Hassan was being punished for giving water to a male visitor.
The Islamist radicals who seized a vast arc of territory in northern Mali in the spring are intensifying their brutality against the population, according to victims, human rights groups, and U.N. and Malian officials. The attacks are being perpetrated as the United States, European countries and regional powers are readying an African force to retake northern Mali, after months of hesitation.
But such an action, if approved by the U.N. Security Council, is unlikely to begin until next summer or fall, U.S. and other Western officials say, and political turmoil in the south is adding to the uncertainty. That has raised fears that the extremists could consolidate their grip over the Texas-size territory and further terrorize civilians, particularly women and children.

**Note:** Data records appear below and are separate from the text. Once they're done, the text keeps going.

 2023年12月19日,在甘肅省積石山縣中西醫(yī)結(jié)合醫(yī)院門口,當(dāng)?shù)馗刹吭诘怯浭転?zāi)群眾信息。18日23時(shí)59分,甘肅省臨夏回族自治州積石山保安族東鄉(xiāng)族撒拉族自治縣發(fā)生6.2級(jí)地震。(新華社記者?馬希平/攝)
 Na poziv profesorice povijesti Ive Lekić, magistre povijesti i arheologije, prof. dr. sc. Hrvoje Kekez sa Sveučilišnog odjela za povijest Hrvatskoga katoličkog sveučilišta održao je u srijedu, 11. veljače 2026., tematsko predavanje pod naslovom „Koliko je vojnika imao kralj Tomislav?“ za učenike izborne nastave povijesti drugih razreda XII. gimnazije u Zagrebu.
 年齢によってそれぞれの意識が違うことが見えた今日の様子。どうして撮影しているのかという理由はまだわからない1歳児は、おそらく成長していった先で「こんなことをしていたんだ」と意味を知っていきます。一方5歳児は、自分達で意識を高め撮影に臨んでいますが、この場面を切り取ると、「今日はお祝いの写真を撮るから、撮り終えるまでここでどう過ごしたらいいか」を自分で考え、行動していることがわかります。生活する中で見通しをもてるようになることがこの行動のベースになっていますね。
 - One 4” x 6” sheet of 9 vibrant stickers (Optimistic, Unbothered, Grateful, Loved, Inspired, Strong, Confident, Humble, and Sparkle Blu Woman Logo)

“The people are losing all hope,” said Sadou Diallo, a former mayor of the northern city of Gao. “For the past eight months, they have lived without any government, without any actions taken against the Islamists. Now the Islamists feel they can do anything to the people.”

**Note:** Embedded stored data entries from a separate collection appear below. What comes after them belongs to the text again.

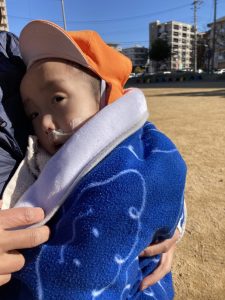 公園では風が冷たかったので、たくさん走ったよ
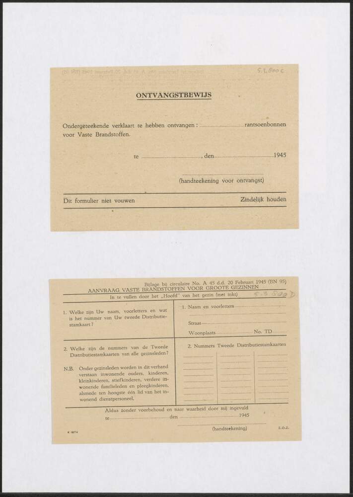 Ontvangstbewijs rantsoenbonnen vaste brandstoffen
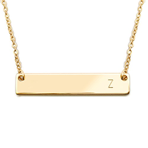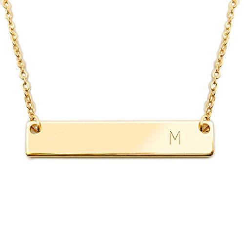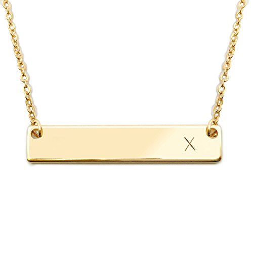 Perfectly simple and elegant in every way, this necklace maintains its classic appeal with a polished horizontal bar charm. The minimalist qualities will add just the right amount of shine to any outfit, making it perfect for daily wear and for special occasions. Make her feel special by purchasing one as a gift she is sure to adore. In order to extend the life of this plated piece, remove jewelry when sleeping, exercising, or doing other physically strenuous activities, as prolonged contact with sweat will cause the plating to wear away faster. In addition, avoid contact with perfumes, water, body oils, and other chemicals, including household cleaners. Never use chemical jewelry cleaners as these will wear away at the plating and do more harm than good. For light cleaning, gently polish with a soft, lint-free cloth in order to avoid scratching. Store in a cool dry place. It is highly advised to wear solid gold or sterling silver jewelry if one has sensitive skin.Feature
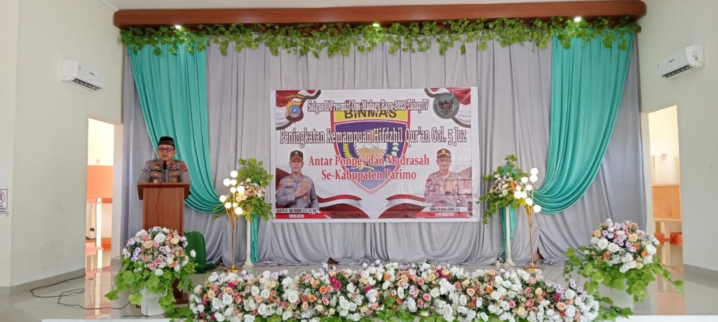 Bertempat di Aula Dinas Pendidikan dan Kebudayaan Kabupaten Parimo, Kaops Madago Raya Kombes Pol. Denny Jatmiko,S.I.K yang diwakili oleh Pamen Satgas II Preemtif Kompol Mat Syukri,S.Sos menghadiri sekaligus membuka Kegiatan penyelenggaraan peningkatan kemampuan Hifdzhil Qur’an Gol. 5 Juz

Refugees fleeing the north are now bringing stories that are darker than those recounted in interviews from this summer. Although their experiences cannot be independently verified — because the Islamists have threatened to kill or kidnap Westerners who visit — U.N. officials and human rights activists say that they have heard similar reports of horrific abuses and that some may amount to war crimes.
The refugees say the Islamists are raping and forcibly marrying women, and recruiting children for armed conflict. Social interaction deemed an affront to their interpretation of Islam is zealously punished through Islamic courts and a police force that has become more systematic and inflexible, human rights activists and local officials say.
Two weeks ago, the Islamists publicly whipped three couples 100 times each in Timbuktu for not being married, human rights activists said.
The Islamist police had spotted Hassan giving water to a male visitor at her house last month. Hassan’s brother knew an Islamist commander and pleaded for mercy. After spending 18 hours in jail, she was set free with a warning. The next day, she fled here to Segou, a town in southern Mali that has taken in thousands of the displaced, mostly women and children.
It was fortunate, Hassan said, that she was handing the glass to her friend out on the veranda. “If they had found me with him near the bedroom, they would have shot us both on the spot,” she said.
With organization, ‘abuse’
Radical Islamists have transformed vast stretches of desert in the north into an enclave for al-Qaeda militants and other jihadists. They have imposed a hard-edged brand of sharia law, echoing Afghanistan’s Taliban movement, in this West African country where moderate Islam has thrived for centuries.